In the past, says Jim Gibson, Five Guys' food safety and quality assurance VP, the company was experiencing problems with some of it coolers. Temperatures sometimes deviated from acceptable levels, but the restaurants' managers were not always aware that this was happening. The company set up a program with a third-party auditing team to visit the restaurants and test temperatures, while employees onsite had to fill out paper logs, manually checking temperature levels every two hours, all day, and writing down the results.

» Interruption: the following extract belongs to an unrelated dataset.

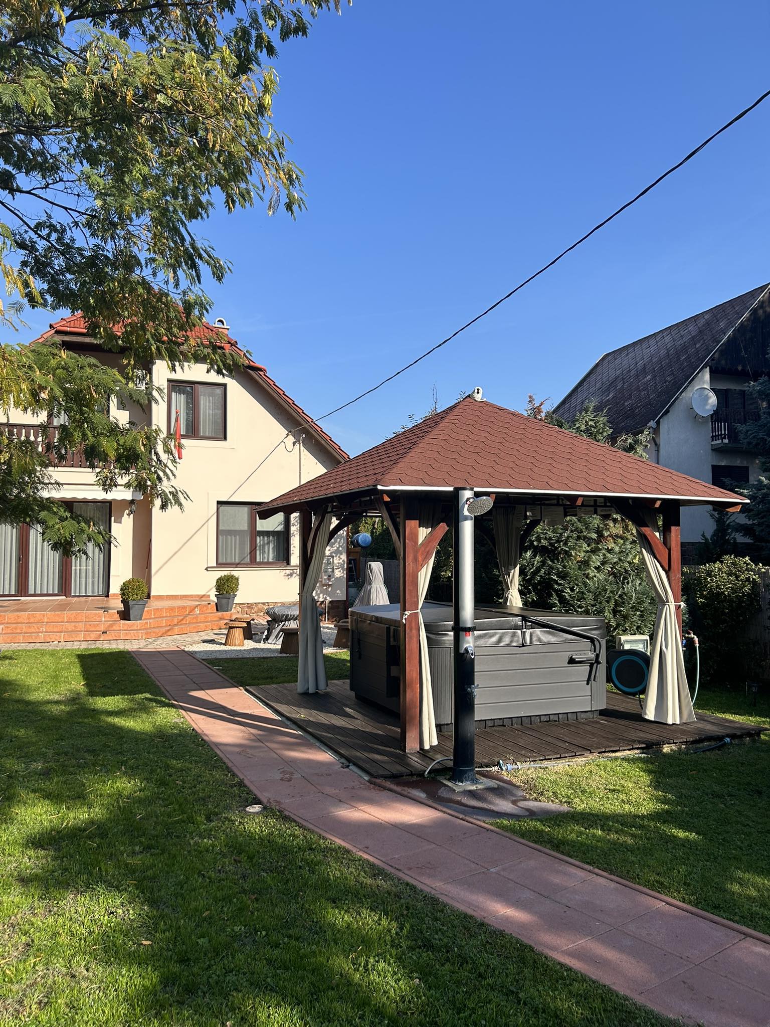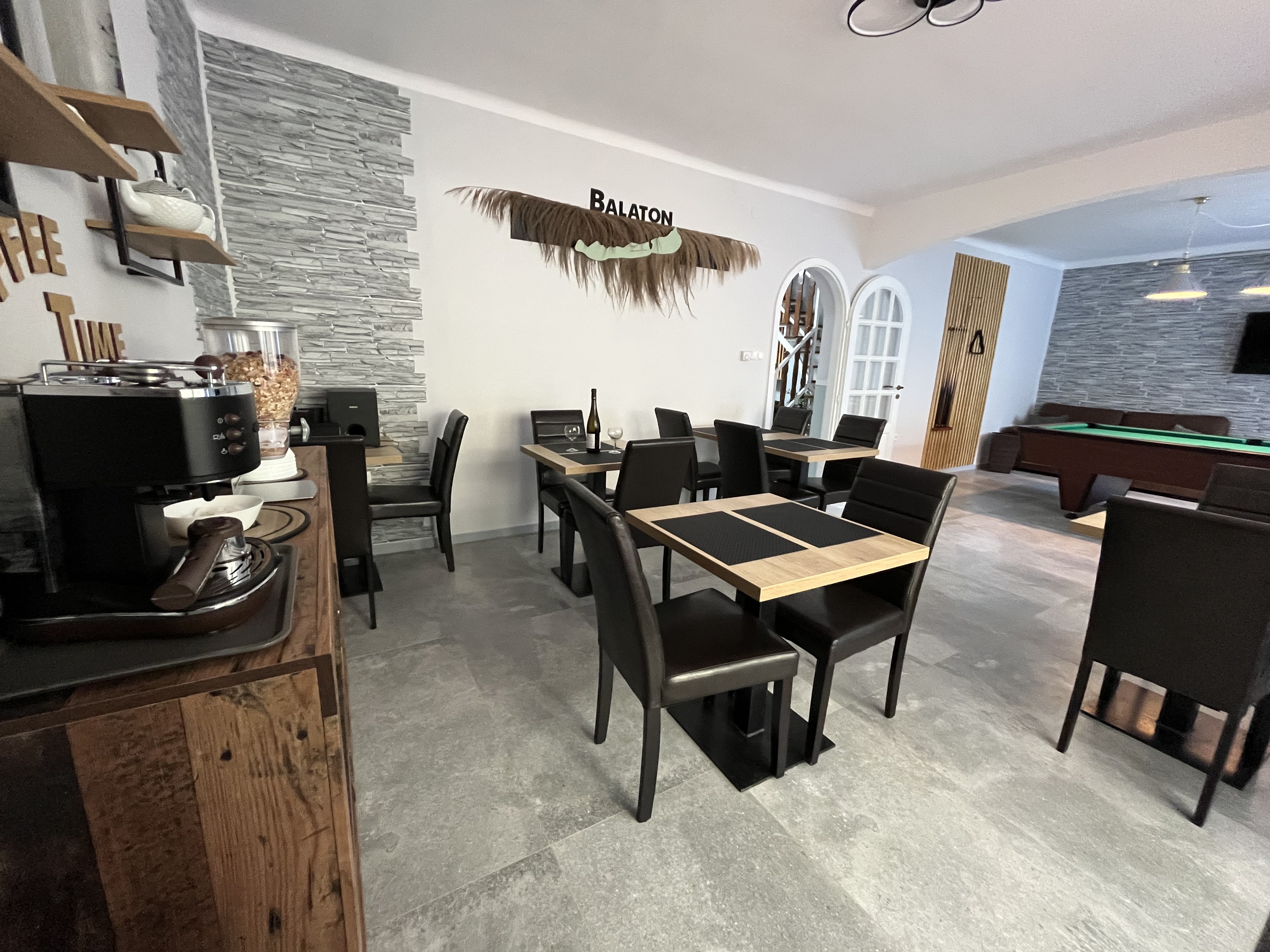 Szálláshelyünk 6 szobával és 3 fürdőszobával rendelkezik. Férőhelyek száma 14 + 1 fő, szükség esetén tudunk biztosítani utazó gyerekágyat is. 4 db 2 személyes és 2 db 3 személyes szobánk van. A ház ideális családoknak, baráti társaságoknak ahol minden adott a közös szórakozásra és a nyári hónapokban külön-külön is foglalhatóak a szobák akár 1 éjszakára is. Szobáink felszereltsége, wifi, légkondi, okos tv, törölköző, köntös, ágynemű, tusfürdő. Szolgáltatásunk wifi 5 G, légkondi, okos tv, konyha- étkező teljes felszereléssel, biliárd, karaoke szett, tollas, pingpong, társasjátékok, kinti függönnyel körbekerített 7 személyes Jakuzzi, 6 fős Finn Szauna, grill terasz, bogrács, tüzifa, nyársbotok, ásványvíz bekészítés a szobákban és az étkezőben, kávé, tea, bekészítés az étkezőben, belső parkoló max 6 autó részére. Strandszezonban kedvezményes Révfülöp kártyát biztosítunk amivel fél áron lehet a strandok területére bemenni és több 10% -os kedvezményt is igénybe lehet vele venni.

The problem with that system, Gibson says, is that paper documents can be fudged. Individuals could fill in numbers without actually taking the time to check the temperatures. In addition, human error was a concern—in some cases, workers might simply have misread the numbers on thermometers inside the coolers. Restaurants must comply with the U.S. Food and Drug Administration's Hazard Analysis Critical Control Point (HACCP) guidelines to ensure that food is safe for consumption.

Five years ago, the company approached CM Systems—known at the time as Orderite—seeking an automated, hassle-free solution consisting of wireless sensors that captured ambient temperatures, along with Bluetooth-enabled temperature probes to monitor the temperatures of meat and other raw ingredients, as well as cooked products.

Five Guys began installing the ComplianceMate system at its each of its new stores in 2011, and it plans to implement the technology this year at all existing restaurants that do not yet have such sensors in place. Each restaurant stores all raw ingredients within cold holding units (most locations have three of them), or in a walk-in cooler at night or when those products are not being used right away. A Point Six sensor is installed within each of these four coolers. Another sensor is installed in the food preparation area, in order to ensure that the room's temperature levels do not rise high enough to make the preparation of fresh food a concern.